### EXERCISE DATA
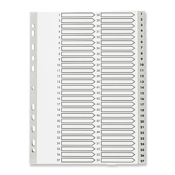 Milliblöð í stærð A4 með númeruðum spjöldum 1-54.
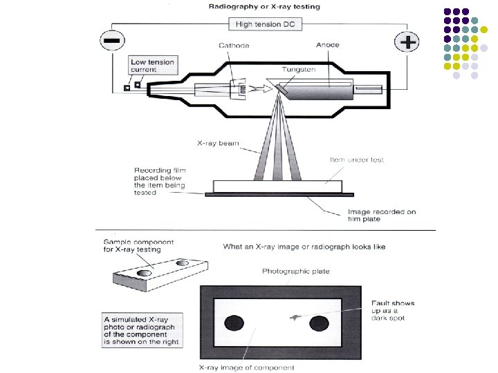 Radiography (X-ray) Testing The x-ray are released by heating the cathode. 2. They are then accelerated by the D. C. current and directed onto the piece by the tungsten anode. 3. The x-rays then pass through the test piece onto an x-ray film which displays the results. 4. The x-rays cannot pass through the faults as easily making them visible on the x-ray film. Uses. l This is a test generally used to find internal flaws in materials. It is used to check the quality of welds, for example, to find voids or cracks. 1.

---

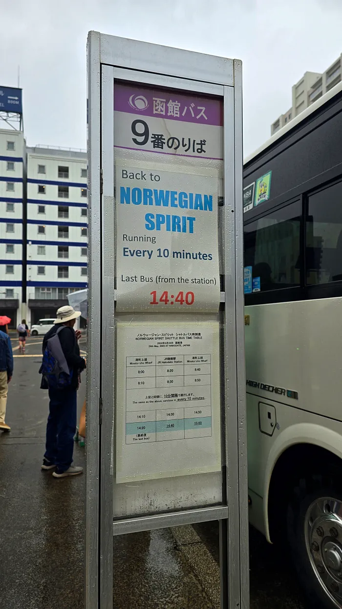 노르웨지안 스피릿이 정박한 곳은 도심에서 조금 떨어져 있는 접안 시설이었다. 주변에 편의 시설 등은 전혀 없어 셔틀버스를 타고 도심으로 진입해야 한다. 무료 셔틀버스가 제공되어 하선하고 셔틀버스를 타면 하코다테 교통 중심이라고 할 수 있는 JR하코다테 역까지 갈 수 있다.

### TASK PROMPT
Start with the line above containing "Milliblöð í stærð" and end with the line containing "Radiography (X-ray) Testing". Set down that stretch exactly, without any pictures.

### ANSWER BELOW
 Milliblöð í stærð A4 með númeruðum spjöldum 1-54.
 Radiography (X-ray) Testing The x-ray are released by heating the cathode. 2. They are then accelerated by the D. C. current and directed onto the piece by the tungsten anode. 3. The x-rays then pass through the test piece onto an x-ray film which displays the results. 4. The x-rays cannot pass through the faults as easily making them visible on the x-ray film. Uses. l This is a test generally used to find internal flaws in materials. It is used to check the quality of welds, for example, to find voids or cracks. 1.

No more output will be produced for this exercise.